Material for this task Start Marker
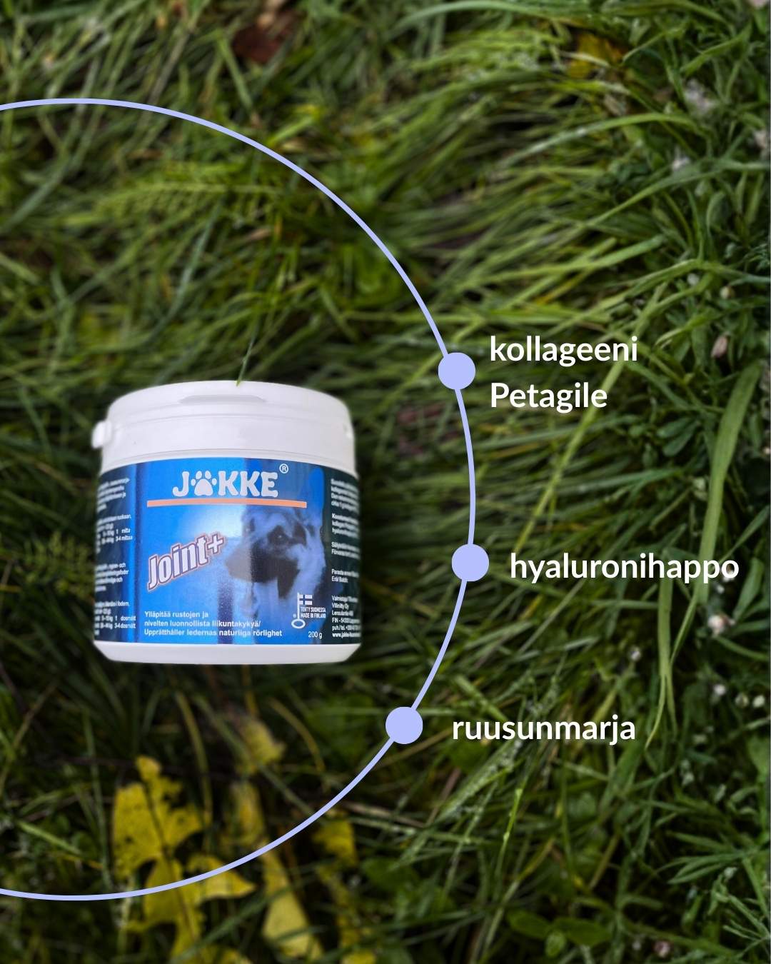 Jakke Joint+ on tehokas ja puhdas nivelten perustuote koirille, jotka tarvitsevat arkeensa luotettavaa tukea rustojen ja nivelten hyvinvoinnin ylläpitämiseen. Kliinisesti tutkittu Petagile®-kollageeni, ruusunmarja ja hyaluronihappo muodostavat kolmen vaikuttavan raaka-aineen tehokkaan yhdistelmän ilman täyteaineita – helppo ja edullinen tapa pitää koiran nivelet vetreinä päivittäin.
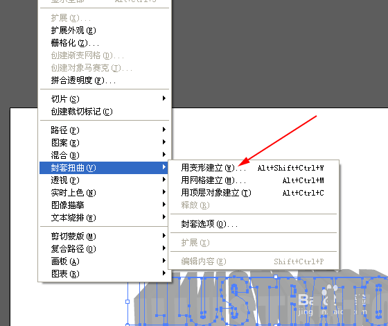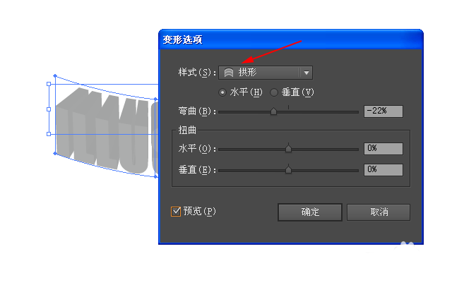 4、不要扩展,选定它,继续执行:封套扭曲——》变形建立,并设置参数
Material for this task End Marker
Material for this task Start Marker
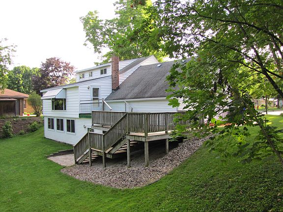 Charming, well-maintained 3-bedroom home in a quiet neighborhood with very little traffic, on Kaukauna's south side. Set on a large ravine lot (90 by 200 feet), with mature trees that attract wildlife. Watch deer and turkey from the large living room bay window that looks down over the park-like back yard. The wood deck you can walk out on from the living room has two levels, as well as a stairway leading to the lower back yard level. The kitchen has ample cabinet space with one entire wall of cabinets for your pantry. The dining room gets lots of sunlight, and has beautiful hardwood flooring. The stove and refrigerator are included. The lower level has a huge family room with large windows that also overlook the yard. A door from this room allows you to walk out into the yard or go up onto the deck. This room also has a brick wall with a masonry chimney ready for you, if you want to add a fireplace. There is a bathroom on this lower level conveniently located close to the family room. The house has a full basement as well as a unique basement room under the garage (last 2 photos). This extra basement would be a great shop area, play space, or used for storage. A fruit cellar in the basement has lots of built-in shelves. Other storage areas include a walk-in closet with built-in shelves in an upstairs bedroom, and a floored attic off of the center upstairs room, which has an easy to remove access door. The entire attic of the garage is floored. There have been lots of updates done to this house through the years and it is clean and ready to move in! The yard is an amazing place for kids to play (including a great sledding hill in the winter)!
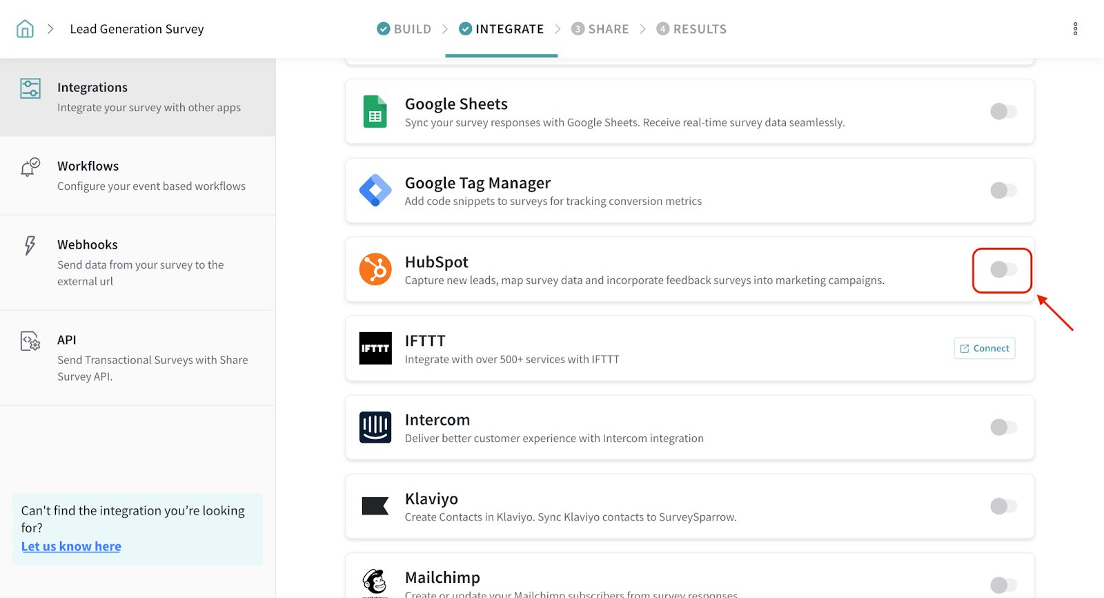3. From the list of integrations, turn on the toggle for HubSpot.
Material for this task End Marker
Material for this task Start Marker
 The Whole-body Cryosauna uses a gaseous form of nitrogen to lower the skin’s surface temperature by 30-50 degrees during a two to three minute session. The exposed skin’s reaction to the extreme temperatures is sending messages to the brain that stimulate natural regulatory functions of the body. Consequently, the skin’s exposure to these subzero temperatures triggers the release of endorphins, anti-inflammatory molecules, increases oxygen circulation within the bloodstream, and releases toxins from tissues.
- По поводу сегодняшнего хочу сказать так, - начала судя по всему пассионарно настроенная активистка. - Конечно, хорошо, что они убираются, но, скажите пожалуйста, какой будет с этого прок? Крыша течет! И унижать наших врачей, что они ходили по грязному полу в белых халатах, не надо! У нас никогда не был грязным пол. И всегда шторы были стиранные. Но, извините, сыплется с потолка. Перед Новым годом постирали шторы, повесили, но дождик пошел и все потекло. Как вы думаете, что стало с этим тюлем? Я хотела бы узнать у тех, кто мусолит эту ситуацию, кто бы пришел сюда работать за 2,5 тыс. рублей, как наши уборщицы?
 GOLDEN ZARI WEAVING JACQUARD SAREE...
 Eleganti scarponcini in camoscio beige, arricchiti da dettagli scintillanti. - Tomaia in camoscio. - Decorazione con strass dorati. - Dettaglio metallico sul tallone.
Material for this task End Marker
**The task**
Reproduce, word for word, everything in the listing above from the line containing "Jakke Joint+ on" down to the line containing "4、不要扩展,选定它,继续执行:封套扭曲——》变形建立,并设置参数", both of them included. No pictures.

**Worked solution**
 Jakke Joint+ on tehokas ja puhdas nivelten perustuote koirille, jotka tarvitsevat arkeensa luotettavaa tukea rustojen ja nivelten hyvinvoinnin ylläpitämiseen. Kliinisesti tutkittu Petagile®-kollageeni, ruusunmarja ja hyaluronihappo muodostavat kolmen vaikuttavan raaka-aineen tehokkaan yhdistelmän ilman täyteaineita – helppo ja edullinen tapa pitää koiran nivelet vetreinä päivittäin.
 4、不要扩展,选定它,继续执行:封套扭曲——》变形建立,并设置参数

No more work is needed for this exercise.